The heritability of CD39+CD4 T frequency was 89% (95% CI: 66–93%) (Figure 2A). GWAS analysis revealed a single locus on chromosome 10 that was highly associated with the trait (Figure 2B); this locus maps to the CD39 gene itself. Quantification of the expression of CD39 on a per cell basis (i.e., SPEL) revealed that the basis for this association was an “on/off” control of the expression of the CD39 molecule on the cells, rather than a homeostatic regulation of the circulating levels of these cells (i.e., CSF). Specifically, individuals who are homozygous for rs7096317A express the highest amount of this protein on the cell surface; heterozygotes expressed half as much; and rs7096317G homozygotes expressed virtually none (Figure 2C, D). While the A/G heterozygotes have a significantly decreased CD39 SPEL, the cells express enough so as to remain CD39+. Thus, in the analysis of the CD39 CSF by genotype, only the G/G homozygotes have a reduced frequency of this population (Figure 2E). This illustrates the power of the SPEL analysis to de-convolute potential mechanisms of genetic control that are missed by simple analysis of CSF.

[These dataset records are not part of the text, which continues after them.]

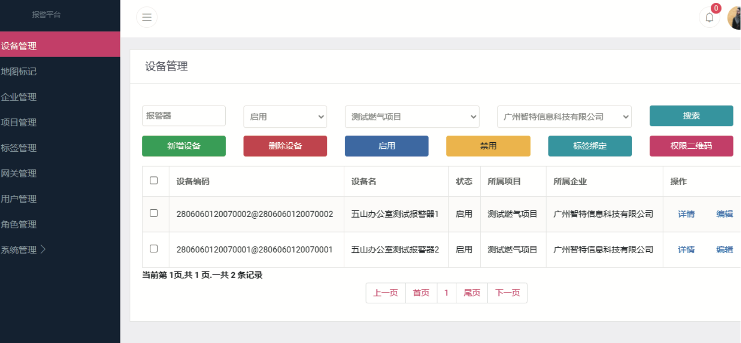 报警设备远程管理器具有广泛兼容能力,可对接不同厂家的可燃气体泄漏报警主机,获取主机的工作状态、报警情况等,并将信息实时发送到云平台。在设备进行报警时,通过系统及时向相关账号推送实时报警信息,并可通过远程控制关闭联动设备。
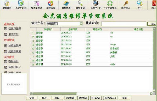 企虎酒店维修单管理软件最新版是一款基于酒店维修单据提供的管理软件。企虎酒店维修单管理软件最新版可以记录酒店内部设施的损坏状况,与维修部对接,实行维修计划,计算出维修成本,制作成维修单据,用户可以自定义修改与删除维修单据。软件还可以随时备份系统中的重要数据。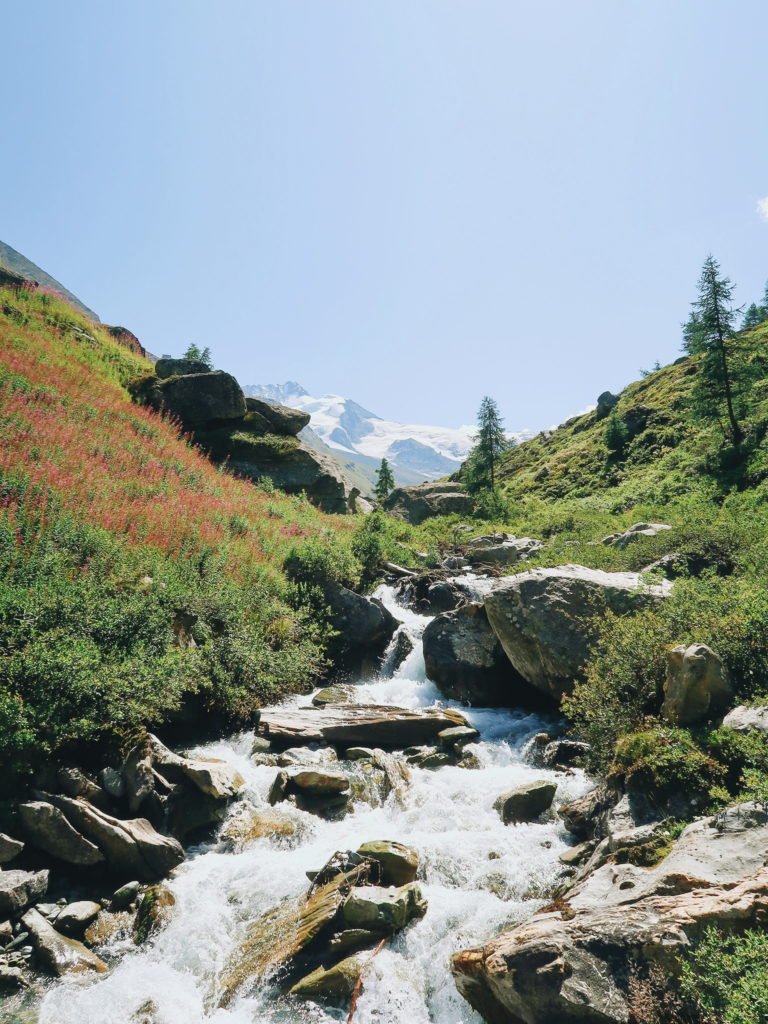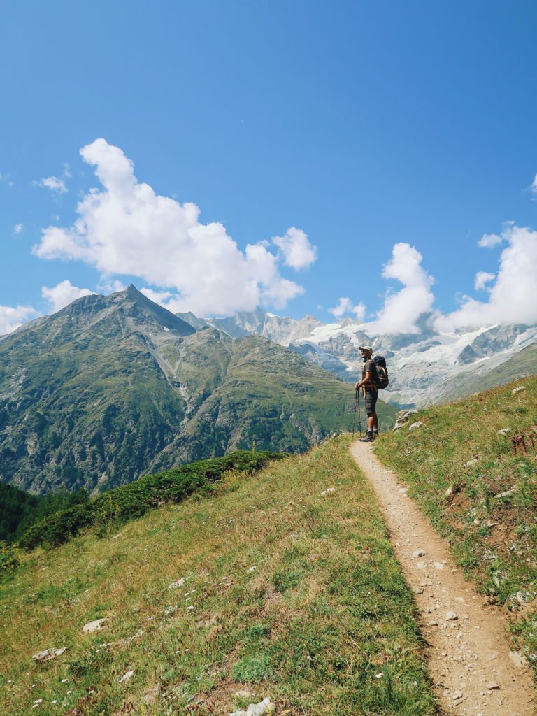 A partir dali, foram quilômetros de trilhas. No começo mais planas e largas, dando lugar mais para frente a trechos mais ondulados e irregulares. Avançamos bem nesse primeiro trecho que terminaria em Täschalp. Isso foi por volta do meio-dia. Nessa parte, a quantidade de pessoas na trilha era bem menor. Agora só víamos quem realmente estava no trekking ou buscando mais aventuras.

Similarly, the frequency of CD4 T cells that are CD25+CD127CD45RO+ but do not express CD39 was also strongly associated with this same locus, showing the opposite association (Figure 2F). In other words, genetic control is not over the frequency of TREG (CD4+CD25+CD127CD45RO+), but over the quantitative expression of CD39 (the cell phenotype). Notably, this genetic control also extends to lymphocytes that are not TREG: a similar genotypic association was found for the relatively rare CD8+ and CD4CD8 T cells expressing CD39 (Figure S7A, B). Finally, CD73 is an ectonuclease similar to CD39, and its expression has also been associated with TREG cells (Antonioli et al., 2013). The expression of CD73 was also found to be genetically controlled (Figure S7C) in the same way, and associated with a single locus on chromosome 6 mapping to the CD73 gene itself.

Thus, the main genetic control of CD39+ TREG appears to originate from a transcriptional or post-transcriptional regulation leading to the presence or absence of this protein on the cell surface of TREG cells; for those TREG defined on a basis independent of CD39, we found no evidence of genetic control over their representation in blood.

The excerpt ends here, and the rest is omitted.